I understand there is being considerable effort made in this country to secure the abrogation of the treaty. There seems to be a spirit of opposition to it throughout the country, in New Orleans, in New York, and in California. The reminiscences, Father, of which you gave me the benefit in your last letter, I found very interesting indeed. The advice about exercise which I found in yours and in some of the other letters, I recognize as good, and hope to follow. I have done so already, by jumping, these last fine days, until I am very lame in my muscles. You will say that I have exceeded the bounds of moderation. I think not, but jumping is naturally very violent exercise. I do not intend to shut myself up in my room this spring, but will get out more, take tramps in the woods, and play ball a little perhaps. The objection to ball is that it takes too much time. However, I am not so fond of it, as to go beyond the bounds of moderation, I think. Now that I have left the Gymnasium, I have become convinced of its importance, and think that it is the very best exercise that I can take. Does not exhaust but thoroughly exercises. Sister Ellie will not forgive me for saying so.

Your Affectionate Son,

HENRY.

OBERLIN, Wednesday, March 15, ’82.

DEAR SISTER CARRIE,

This is supposed to be your birthday, and therefore I think the next thing to seeing you and giving you 23 pounds or kisses will be to write you a letter. The first remark that occurs to me as an appropriate one to the occasion is—tempus fugit, an affirmation which, though startlingly new, is, I think, one which no one will take the pains to deny. I ought to write you a cheerful letter, I suppose, but somehow do not seem to be in the mood. Life is certainly a wheel. Yesterday I was on the top and was happy. The sun was shining brightly, the air was warm and balmy, the buds were swelling, and the skies were clear. To-day I have got to the bottom of the wheel. The sky is sullen and gray, the air is raw and damp, the sun is hidden behind the clouds, and I have got the blues. It is thus that man responds to the changes in his circumstances. It is thus that matter rules mind. Like a little lake in the mountains which mirrors the snowy peaks and sky above it, his mind reflects his surroundings. But a breeze ripples the surface of the lake, and the scene painted in its depths becomes a “vision that hath perished.” There is no extra charge for this little sermon. We have been having a sensation in Oberlin over a big fire. Goodrich’s Book Store was destroyed with a number of other buildings on that corner. Goodrich and some of the others have built some temporary establishments on the corner of the campus. And now I must make a sad confession. I did not attend the fire. Ben woke me up, but I could not muster energy enough to crawl out of bed.
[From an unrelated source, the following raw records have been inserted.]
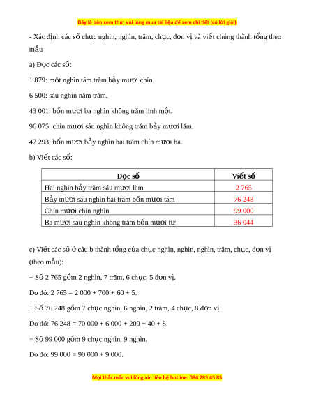 47 293: ………………………………………………………………………………….. b) Vi t ế số thích h p vào ợ ch ch ỗ m ấ : Đ c s ọ ố Vi t ế số Hai nghìn b y t ả răm sáu mư i ơ lăm B y ả mư i ơ sáu nghìn hai trăm b n m ố ư i ơ tám Chín mư i ơ chín nghìn Ba mư i
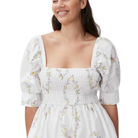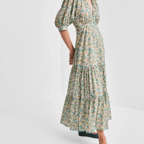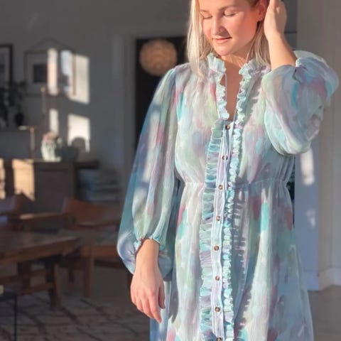 I fargen floral azure blue. En superfresh sommerkjole som nå fortjener et nytt hjem! Store puffermer og strikk i livet. Strl 38, normal til stor i størrelse. Kan ikke finne noen anmerkninger. Noen bilder lånt.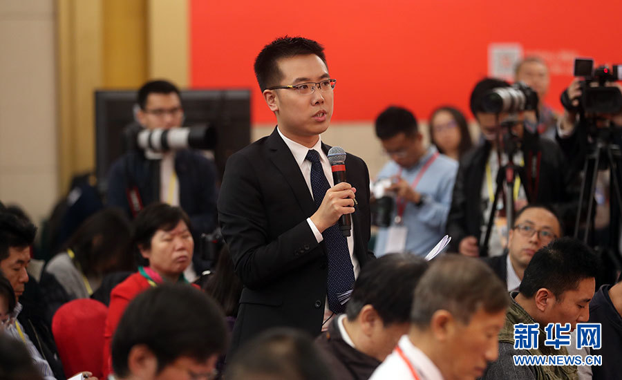 10月21日,十九大新聞中心舉辦記者招待會,邀請中共中央統(tǒng)戰(zhàn)部常務副部長張裔炯、副部長冉萬祥,中共中央對外聯(lián)絡部副部長郭業(yè)洲介紹黨的統(tǒng)一戰(zhàn)線工作和黨的對外交往情況,并回答記者提問。圖為中央電視臺、中國國際電視臺記者提問。新華網(wǎng) 郝廣鵬攝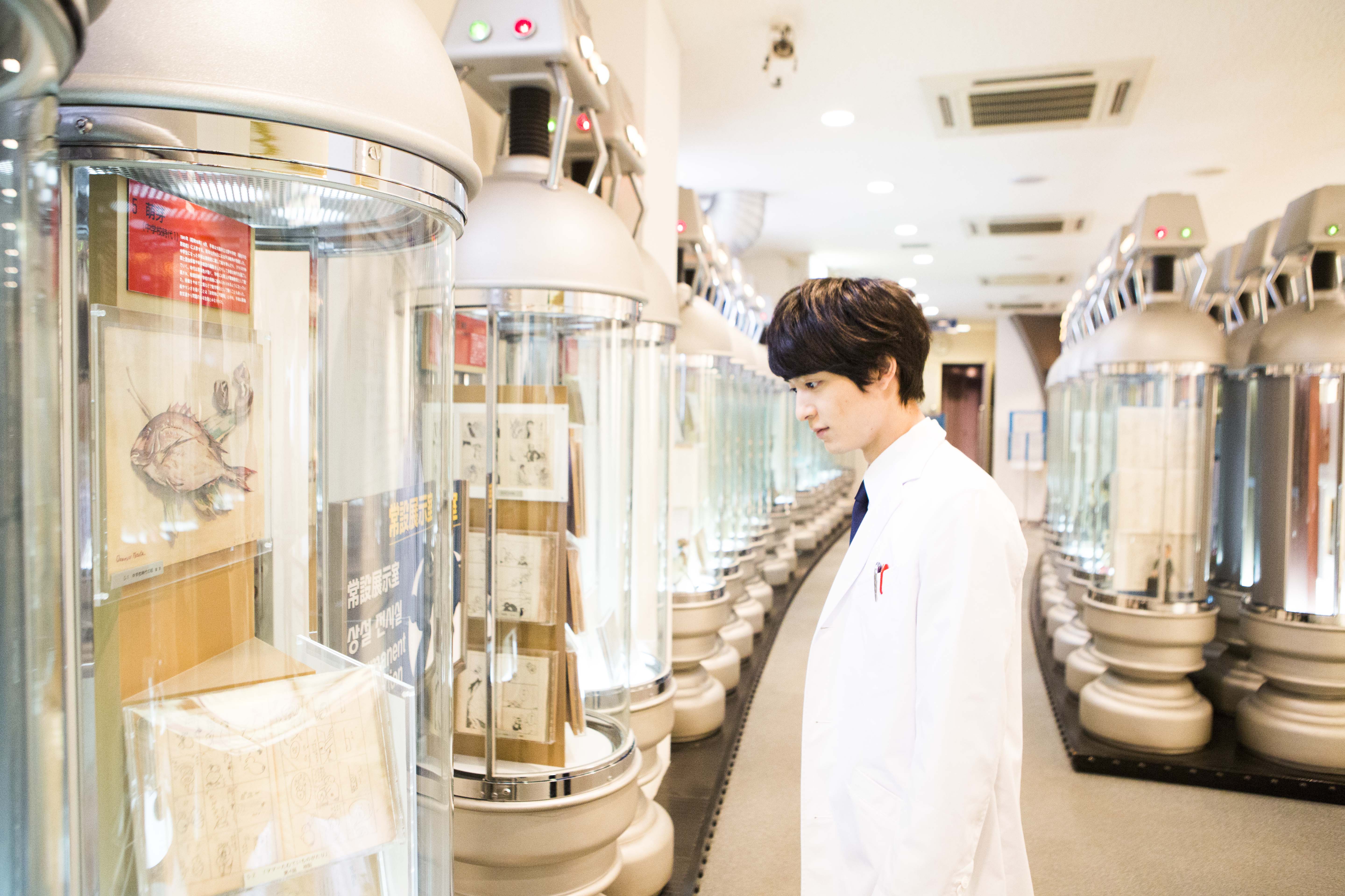 今回初めて記念館を訪れたという梅原裕一郎は、各コーナーごとに興味深げに展示物を見学。なかでも今回訪問した最大の目的である『ヤング ブラック・ジャック』の企画展(2016年2月21日まで開催)のブースでは、一つ一つの展示物を真剣に見つめていた。

My bed is in a nook where I could not see the reflection, and so I concluded that the fire was a one-horse affair, quite unworthy of the attention of a Junior. Quite a number of the girls in this house were there, Eva and Sarah among them. Sarah worked hard carrying books, like the good girl she always is. I wonder how you are spending to-day. I suppose your labors in the kitchen have long since been terminated by the reappearance of Ah. Yung.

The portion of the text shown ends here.